Contudo, devemos reconhecer também que, a partir
da fé confessional, os divisores de águas foram se
estabelecendo no mundo religioso cristão. De início, as
doutrinas eram apenas testemunhos dos novos
discípulos que, pelo arrependimento e pela fé, confissão
de seus pecados e pelo engajamento na comunidade
cristã, confessavam aos “de fora" a sua fidelidade ao
Senhor Jesus Cristo ressuscitado. Depois, foram surgindo
as doutrinas para estabelecer linhas demarcatórias,
também dentro do cristianismo.
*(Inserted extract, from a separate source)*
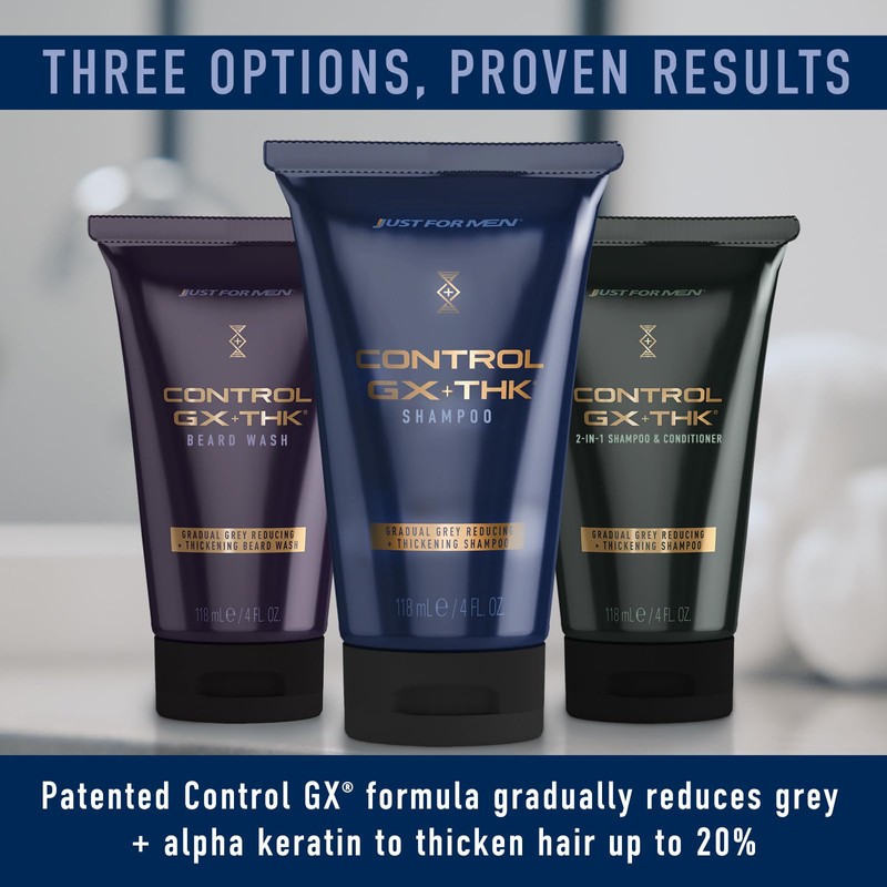 JUST FOR MEN Control GX + THK Thickening Shampoo with Grey Reduction, Shampoo for Thinning Hair with Alpha Keratin, Thickens Hair Up to 20%, Works with Every Hair Texture, 4 oz

São bem conhecidos os
documentos mais interconfessionais, como, por exemplo
os credos Apostólico e Niceno.
Com a Reforma Protestante, essas confissões
passaram a ser basicamente um tratado teológico e
doutrinário, e não mais apenas um “hino” confessional
usado na liturgia. A Dieta de Augsburgo, em 1530, ilustra
esse novo momento confessional da igreja cristã.
Outro símbolo deste discurso confessional de teor
teológico aparece no ambiente evangelical
contemporâneo com o Pacto de Lausanne, de 1974, no qual
se verifica também um teor estratégico e ético da missão
da igreja no mundo.
A fé, portanto, quando interpretada com sentido
confessional, assume através dos tempos algumas
particularidades:
1) Inicialmente, com a intencionalidade de
testemunhar e explicitar a fé no evangelho de Jesus
Cristo, para os de “fora”;
2) Num segundo momento, para posicionar-se diante
de ameaças doutrinárias internas ou externas, uma
espécie de busca da unidade pela verdade;
3) Por último, com o propósito de “discernir os
tempos” e praticar com fidelidade e eficácia a missão do
povo de Deus no mundo.
É importante não confundirmos o que estamos
denominando de fé confessional - conjunto de
ensinamentos capaz de discernir e explicitar, por
analogia inteligente, os fenômenos da revelação - com o
neofundamentalismo doutrinário prepotente, desumano,
exclusivista e criminoso, que suprime o dinamismo da
“confissão de fé” como forma de responder
adequadamente aos desafios éticos e sociais de cada nova
geração. Uma fé confessional que gera orgulho
acadêmico, prepotência teológica, divisionismo
doutrinário, discriminação e opressão não sinaliza uma
espiritualidade confessional inspirada na vida do Jesus
Cristo de Nazaré.
A confissão como expressão de nossa fé é uma
manifestação espiritual que busca comunicar, por
analogias e com linguagens variadas, os feitos de Deus na
vida de seu povo ao longo da história da humanidade.